TASK TO COMPLETE: Word for word and without images, transcribe all of the records.

---

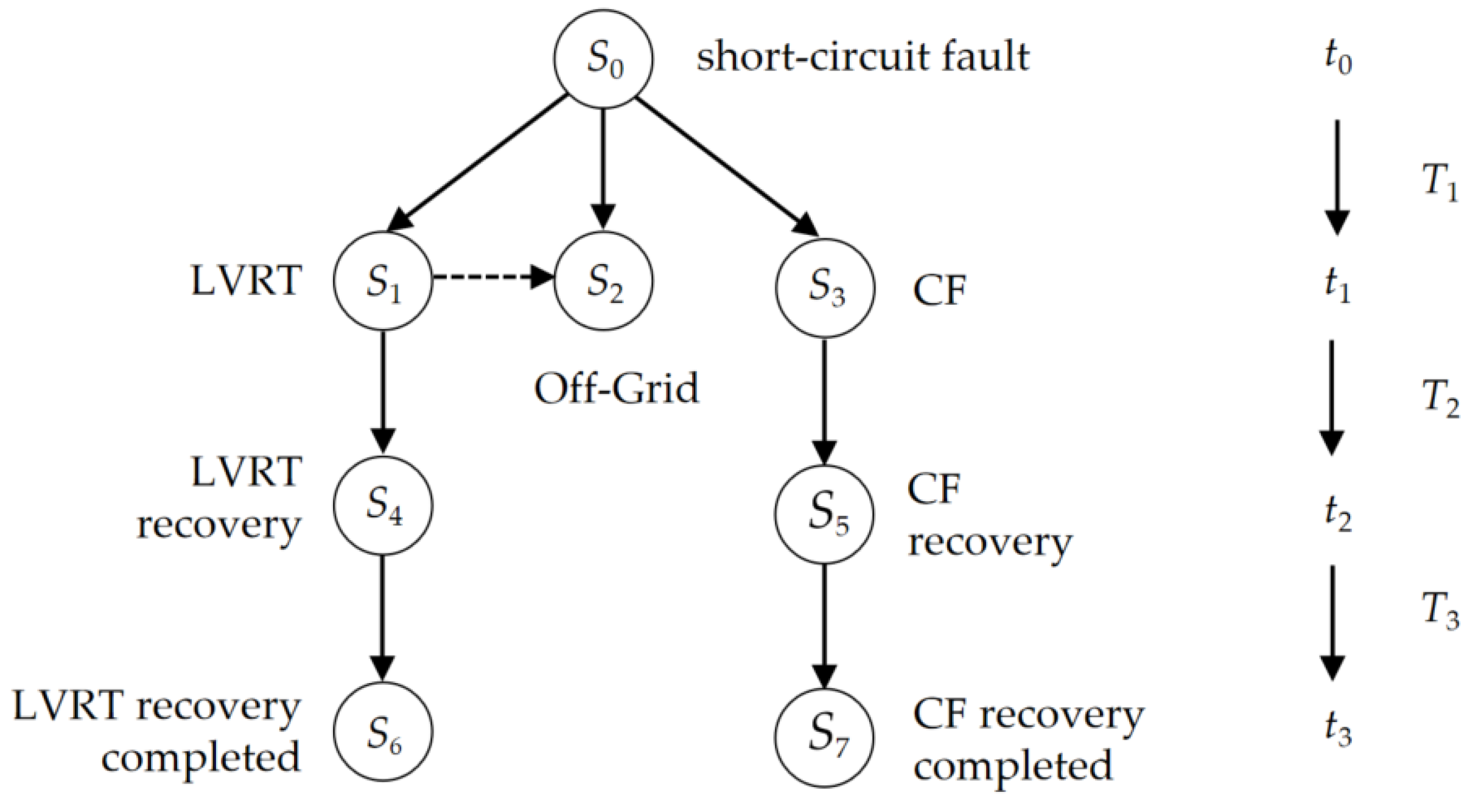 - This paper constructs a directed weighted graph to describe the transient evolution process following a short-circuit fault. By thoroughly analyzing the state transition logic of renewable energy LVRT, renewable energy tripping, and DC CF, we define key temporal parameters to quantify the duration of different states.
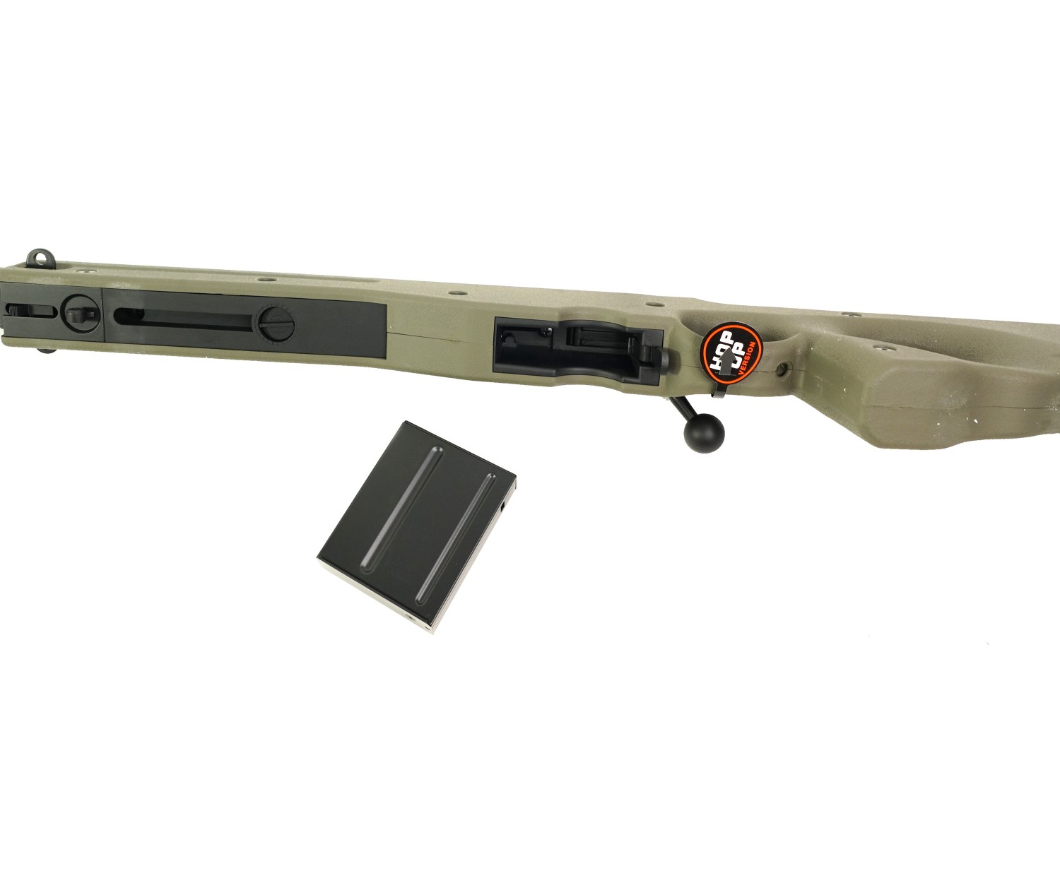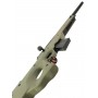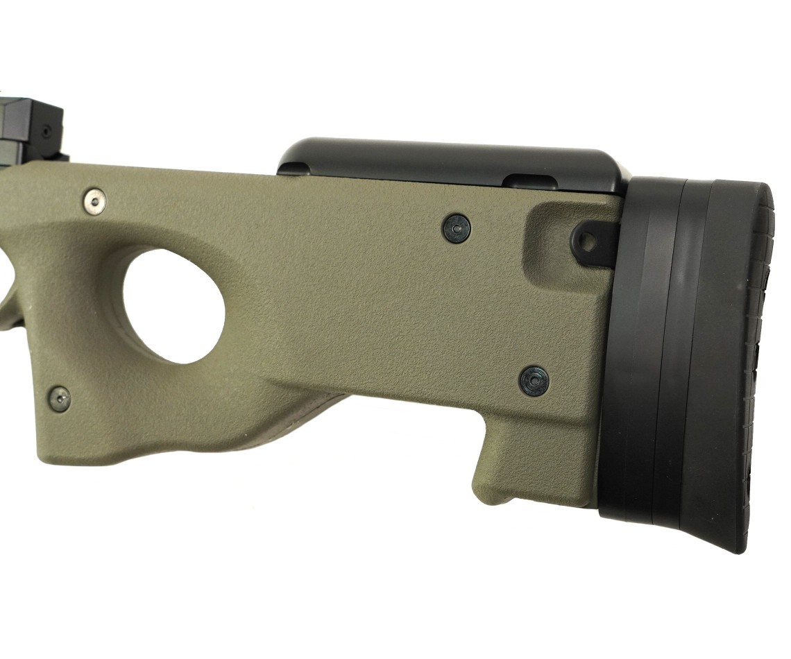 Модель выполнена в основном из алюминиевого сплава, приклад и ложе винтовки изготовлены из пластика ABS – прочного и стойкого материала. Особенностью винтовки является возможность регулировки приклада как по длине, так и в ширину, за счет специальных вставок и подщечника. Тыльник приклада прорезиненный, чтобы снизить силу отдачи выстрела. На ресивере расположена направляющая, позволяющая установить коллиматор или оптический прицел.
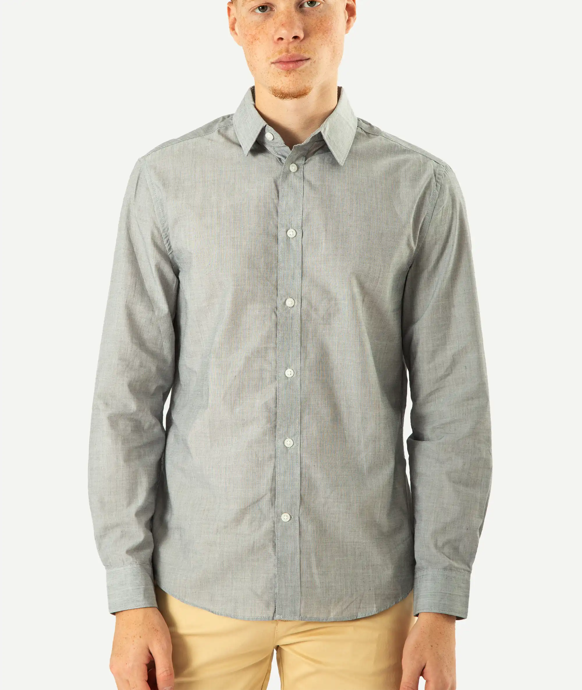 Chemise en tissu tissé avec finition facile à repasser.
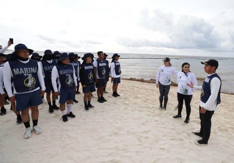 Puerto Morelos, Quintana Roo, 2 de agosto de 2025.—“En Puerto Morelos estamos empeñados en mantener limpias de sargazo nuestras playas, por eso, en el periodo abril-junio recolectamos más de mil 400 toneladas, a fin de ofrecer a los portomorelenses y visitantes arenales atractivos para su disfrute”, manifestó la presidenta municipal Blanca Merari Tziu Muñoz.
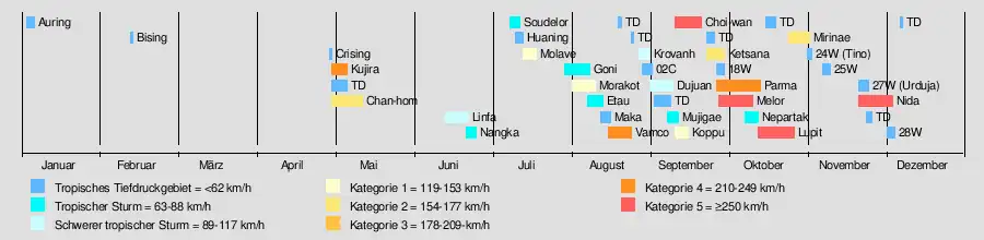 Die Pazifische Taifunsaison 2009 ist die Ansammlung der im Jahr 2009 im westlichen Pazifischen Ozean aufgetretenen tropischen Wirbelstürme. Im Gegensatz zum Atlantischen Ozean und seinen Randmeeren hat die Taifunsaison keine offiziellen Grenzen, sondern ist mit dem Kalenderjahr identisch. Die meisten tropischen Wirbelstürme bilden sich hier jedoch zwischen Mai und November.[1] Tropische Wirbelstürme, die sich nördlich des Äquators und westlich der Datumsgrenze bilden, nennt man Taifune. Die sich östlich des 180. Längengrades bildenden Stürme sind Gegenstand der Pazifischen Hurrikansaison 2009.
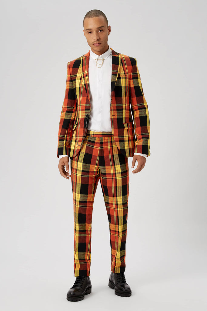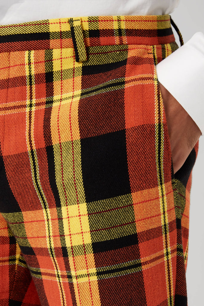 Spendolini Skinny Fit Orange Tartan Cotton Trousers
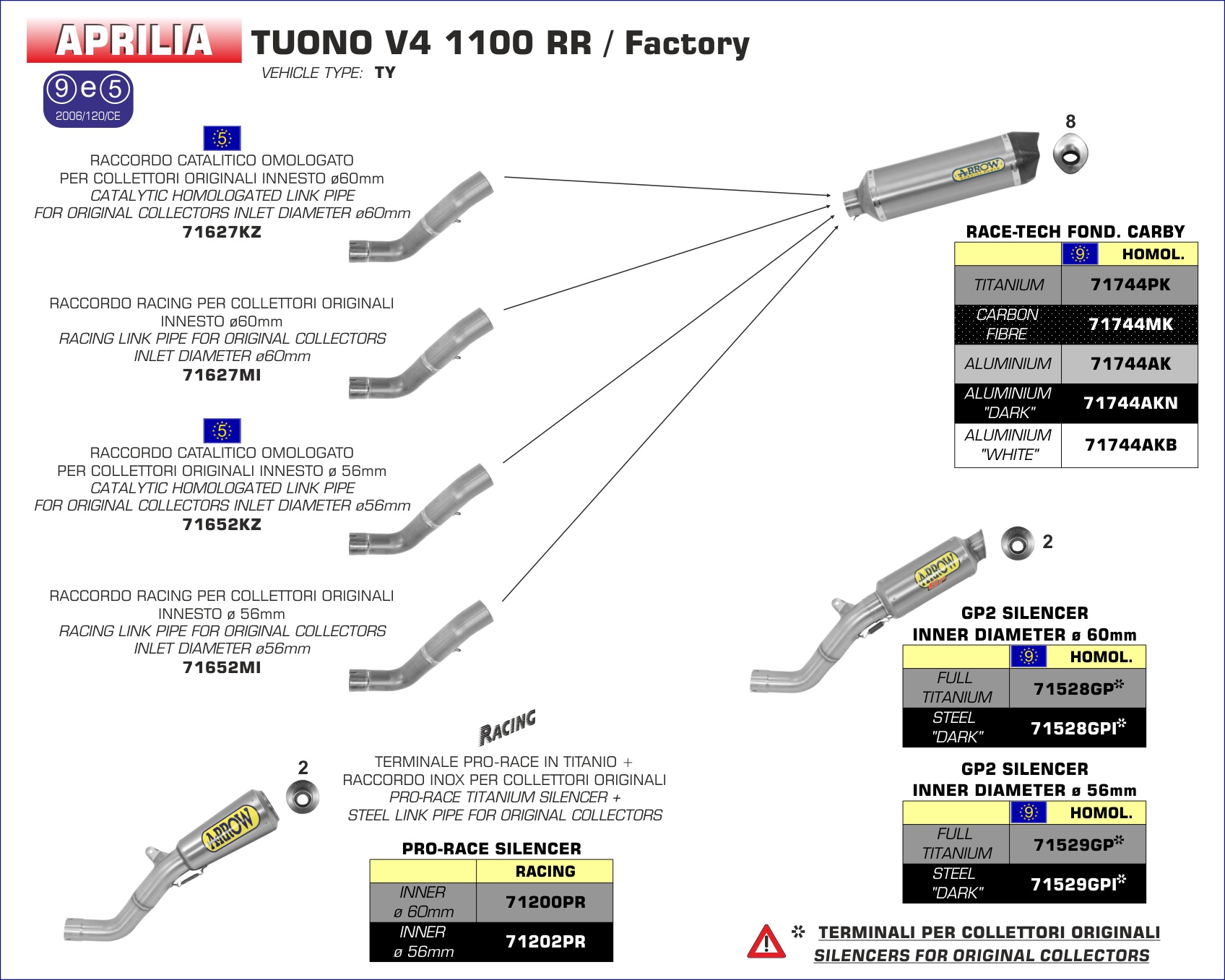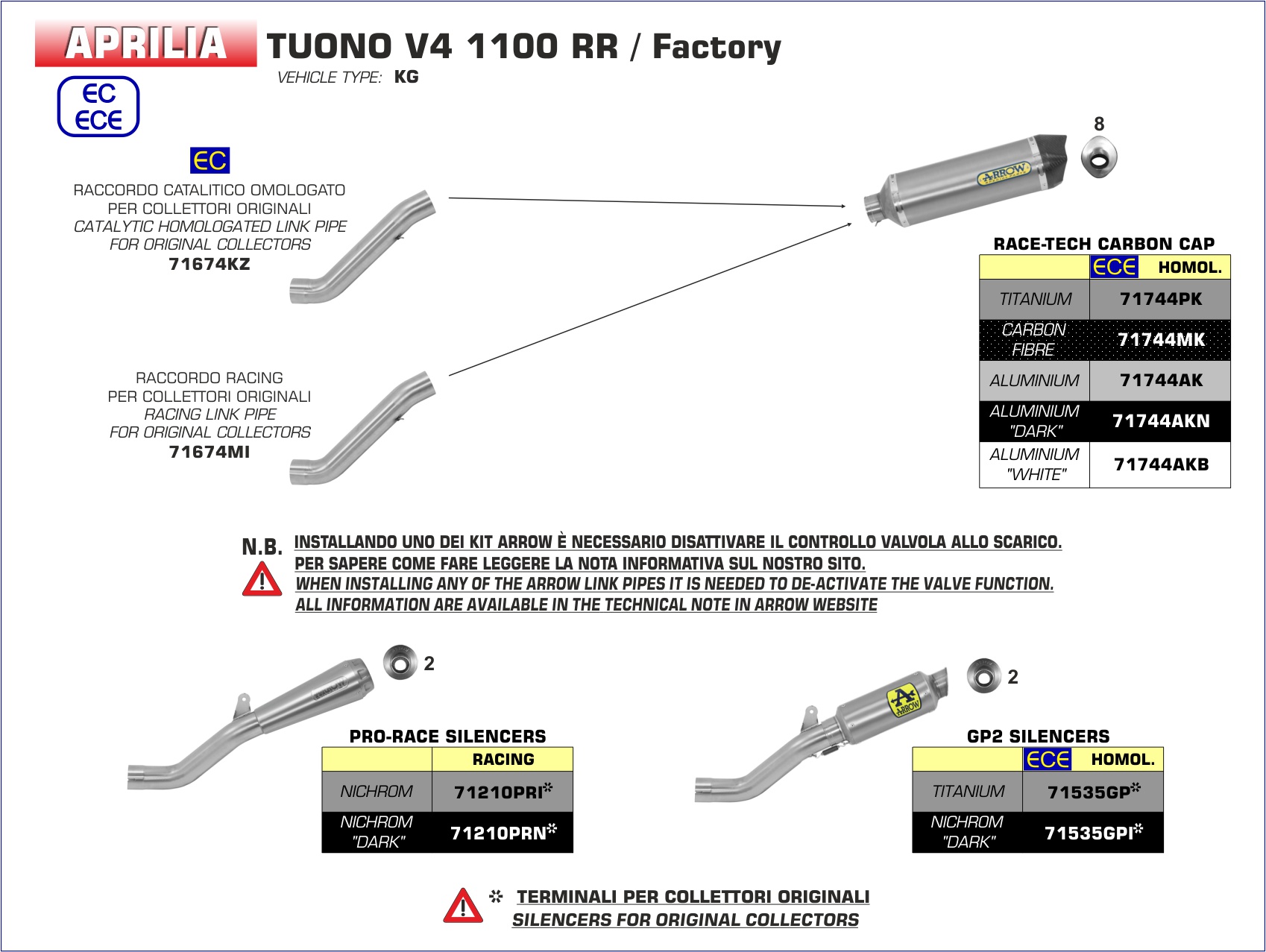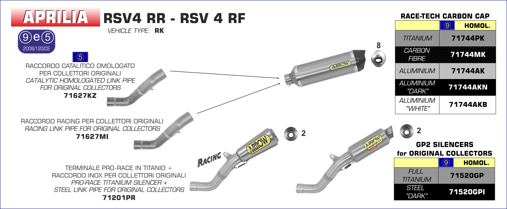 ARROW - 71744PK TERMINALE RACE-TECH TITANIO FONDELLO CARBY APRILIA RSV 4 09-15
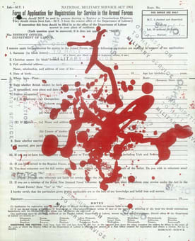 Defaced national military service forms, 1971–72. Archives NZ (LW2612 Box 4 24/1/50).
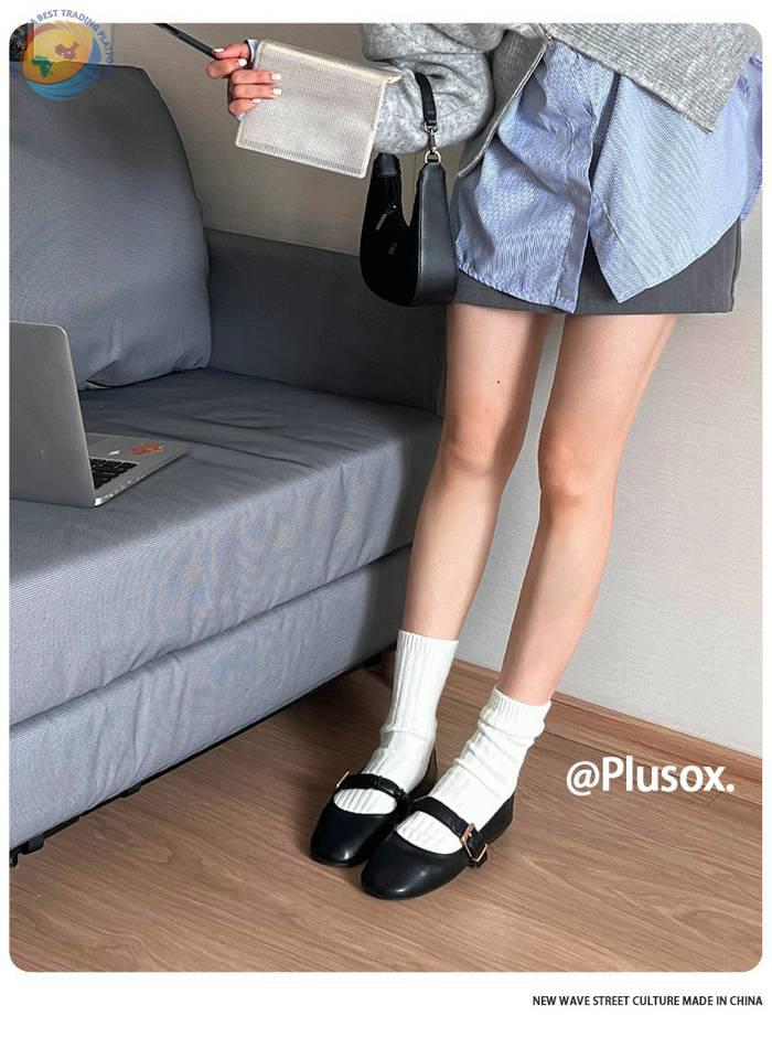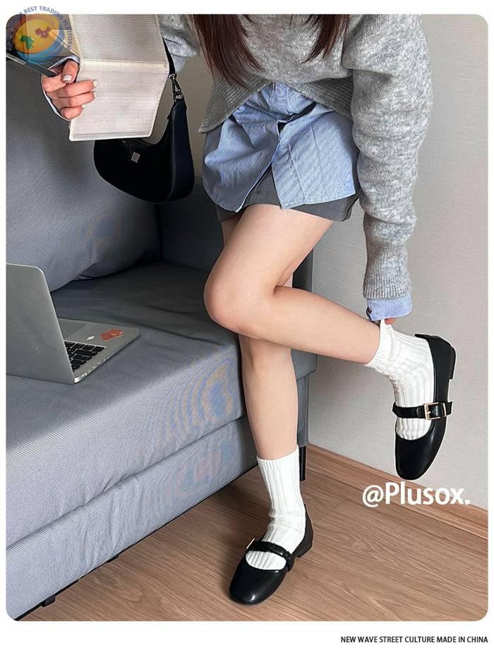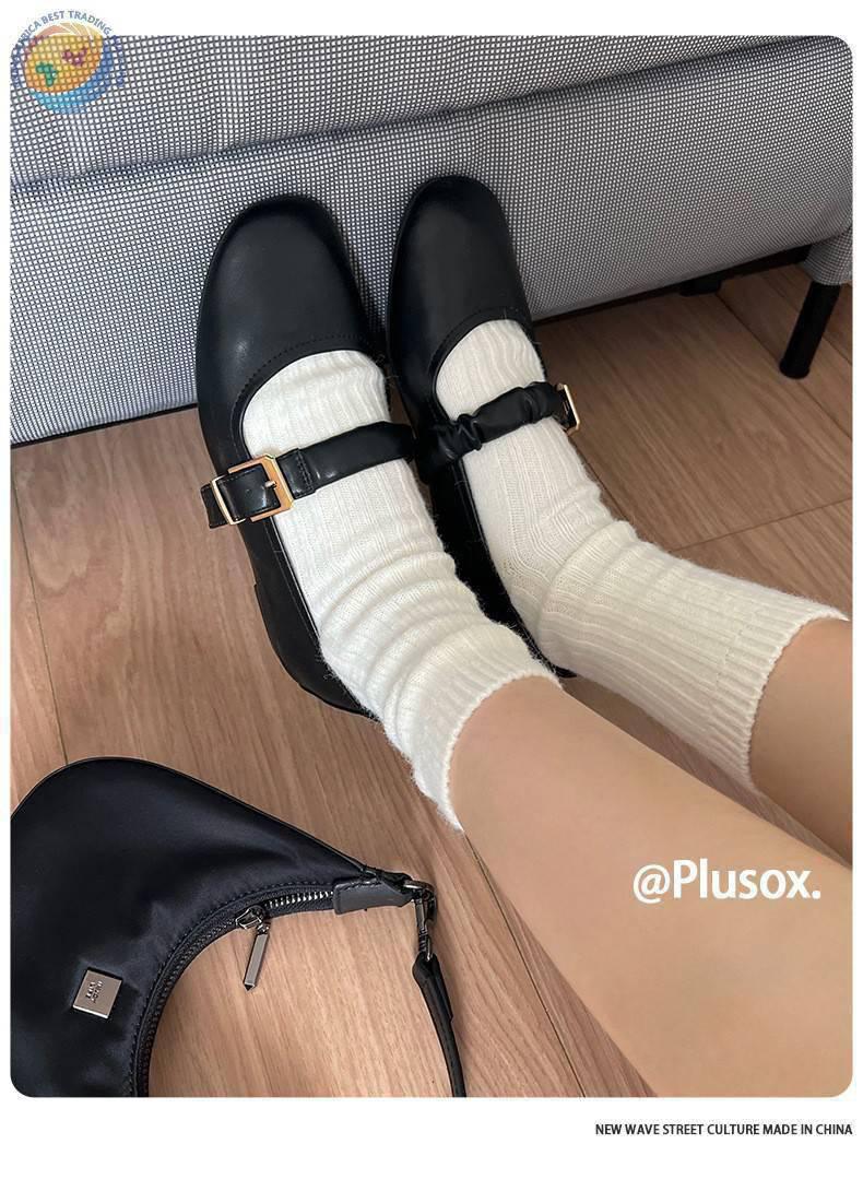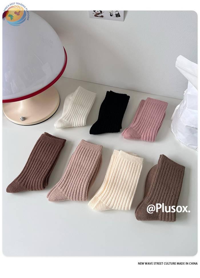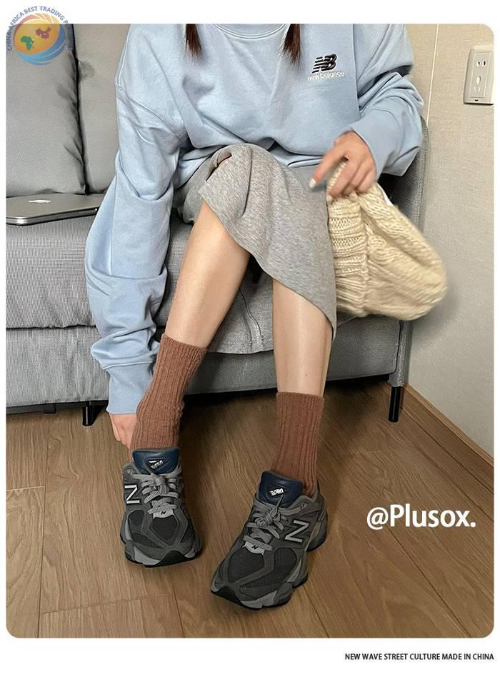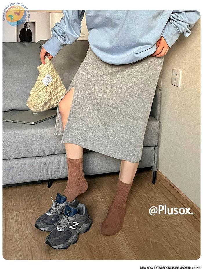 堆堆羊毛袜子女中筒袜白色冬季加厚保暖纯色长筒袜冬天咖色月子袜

---

OUTPUT:
 - This paper constructs a directed weighted graph to describe the transient evolution process following a short-circuit fault. By thoroughly analyzing the state transition logic of renewable energy LVRT, renewable energy tripping, and DC CF, we define key temporal parameters to quantify the duration of different states.
 Модель выполнена в основном из алюминиевого сплава, приклад и ложе винтовки изготовлены из пластика ABS – прочного и стойкого материала. Особенностью винтовки является возможность регулировки приклада как по длине, так и в ширину, за счет специальных вставок и подщечника. Тыльник приклада прорезиненный, чтобы снизить силу отдачи выстрела. На ресивере расположена направляющая, позволяющая установить коллиматор или оптический прицел.
 Chemise en tissu tissé avec finition facile à repasser.
 Puerto Morelos, Quintana Roo, 2 de agosto de 2025.—“En Puerto Morelos estamos empeñados en mantener limpias de sargazo nuestras playas, por eso, en el periodo abril-junio recolectamos más de mil 400 toneladas, a fin de ofrecer a los portomorelenses y visitantes arenales atractivos para su disfrute”, manifestó la presidenta municipal Blanca Merari Tziu Muñoz.
 Die Pazifische Taifunsaison 2009 ist die Ansammlung der im Jahr 2009 im westlichen Pazifischen Ozean aufgetretenen tropischen Wirbelstürme. Im Gegensatz zum Atlantischen Ozean und seinen Randmeeren hat die Taifunsaison keine offiziellen Grenzen, sondern ist mit dem Kalenderjahr identisch. Die meisten tropischen Wirbelstürme bilden sich hier jedoch zwischen Mai und November.[1] Tropische Wirbelstürme, die sich nördlich des Äquators und westlich der Datumsgrenze bilden, nennt man Taifune. Die sich östlich des 180. Längengrades bildenden Stürme sind Gegenstand der Pazifischen Hurrikansaison 2009.
 Spendolini Skinny Fit Orange Tartan Cotton Trousers
 ARROW - 71744PK TERMINALE RACE-TECH TITANIO FONDELLO CARBY APRILIA RSV 4 09-15
 Defaced national military service forms, 1971–72. Archives NZ (LW2612 Box 4 24/1/50).
 堆堆羊毛袜子女中筒袜白色冬季加厚保暖纯色长筒袜冬天咖色月子袜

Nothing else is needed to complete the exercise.